First, check out out the Archive’s Senior Analyst Kate Doyle testifying in Guatemala City about the 1984 disappearance of Guatemalan union leader Fernando Garcia at the hands of the former Guatemalan security service.
A recent study conducted by CREW (Citizens for Responsibility and Ethics and Washington) shows that the new government initiatives to increase information freedom have yet to yield major results. In short, while CREW commends the Obama administration for its stated effort to implement the Freedom of Information Act (FOIA) more effectively, the speed and efficiency of FOIA has not yet improved. Additionally, the survey shows that discontent among FOIA officers is high.
Quill magazine largely seconds CREW’s analysis.
According to US Secretary of Defense Bob Gates, the Wikileaks’ exposure of classified Afghanistan documents did not reveal any US sources or methods. The documents did name Afghans who cooperated and collaborated with US forces, therefore exposing them to danger. Despite this, there has been no reported evidence of the Taliban carrying out retribution attacks.

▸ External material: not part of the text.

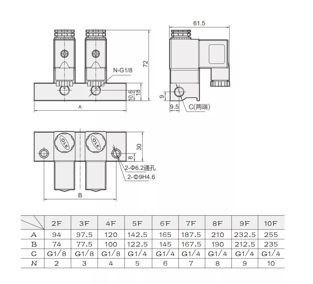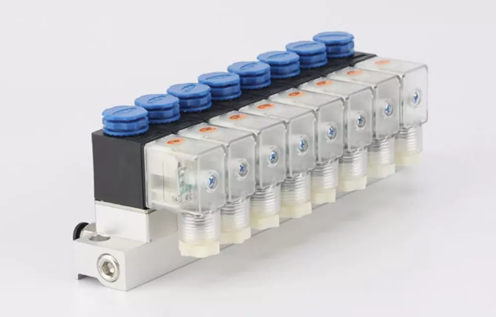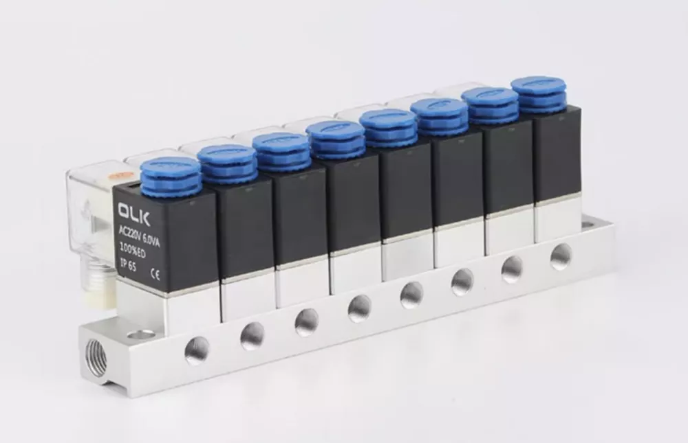 2V025 tvåläges, tvåvägs direktverkande normalt stängd magnetventil kan anslutas för att bilda en ventilbas enligt applikationskrav, med flexibel expansion från 2 till 12 lägen. Detta multistations 2V025 magnetventilförgreningsrör har en kompakt och lätt design men kan inte tas isär för individuell användning. Ventilhuset är tillverkat av högkvalitativ aluminiumlegering och använder NBR tätningsmaterial.

One of the many travails of transferring the detainees at Guantanamo Bay into the US legal system is a special category of prisoner: those who are deemed too dangerous to release but also “not feasible for prosecution.” When Judge Henry Kennedy ordered the release of one of these “problem detainees,” a disturbing episode occurred. Kennedy’s opinion handled classified information and was mistakenly left unredacted and posted on the court’s website. The mistake was corrected almost immediately, and a second version was released. Disturbingly, Propublica’s comparison of the two shows that while classified information has been removed, the opinion has also been substantially rewritten in a way that skews the facts of the case.
Read Steve Aftergood’s piece on over-classification at Foreign Policy.
And Secrecy News has also detailed the Obama Administration’s apparent double standard on declassification. Bob Woodward’s latest book –which exposed deep national security secrets– got nary a glance from the administration which prosecuted more leakers than any of its predecessors.
The latest prosecution is of an author who allegedly did not follow the instructions of the CIA’s Publication Review Board. A side note: the CIA contended in court that it did not have to disclose the author’s real name because “if defendant’s true name and affiliation with the CIA were officially acknowledged, foreign governments, enterprising journalists, and amateur spy-hunters would be able to discover and publicly disclose the cover methods defendant used to conceal his true status as a CIA officer.”
I wonder if any of you “amateur spy hunters” read this blog. (H/T Secrecy News).
Finally, read Walter Pincus’s elegant eulogy for the B-53 thermonuclear bomb. The B-53 –which yielded an explosion 600 times more powerful than the bomb dropped on Hiroshima– was the largest bomb in the US’s nuclear stockpile. Its rear compartment contained five parachutes because it was designed to sit softly on the ground before exploding and –as the plan went– destroying the USSR’s underground nuclear fallout bunkers.